====== Extracted entries ======

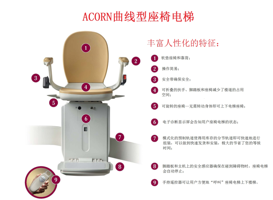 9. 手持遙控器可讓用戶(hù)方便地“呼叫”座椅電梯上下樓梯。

======
====== Extracted entries ======

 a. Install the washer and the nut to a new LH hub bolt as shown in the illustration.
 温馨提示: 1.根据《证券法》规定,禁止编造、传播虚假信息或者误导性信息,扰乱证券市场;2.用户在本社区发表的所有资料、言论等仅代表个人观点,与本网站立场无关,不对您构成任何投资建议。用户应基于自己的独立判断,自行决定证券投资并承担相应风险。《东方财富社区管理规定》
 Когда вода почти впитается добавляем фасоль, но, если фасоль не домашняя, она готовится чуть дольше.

======

Exercise brief
Starting with the line with "a. Install the" above and going on through the line with "Когда вода почти", transcribe every line exactly, both ends included, and add nothing.

Answer below
 a. Install the washer and the nut to a new LH hub bolt as shown in the illustration.
 温馨提示: 1.根据《证券法》规定,禁止编造、传播虚假信息或者误导性信息,扰乱证券市场;2.用户在本社区发表的所有资料、言论等仅代表个人观点,与本网站立场无关,不对您构成任何投资建议。用户应基于自己的独立判断,自行决定证券投资并承担相应风险。《东方财富社区管理规定》
 Когда вода почти впитается добавляем фасоль, но, если фасоль не домашняя, она готовится чуть дольше.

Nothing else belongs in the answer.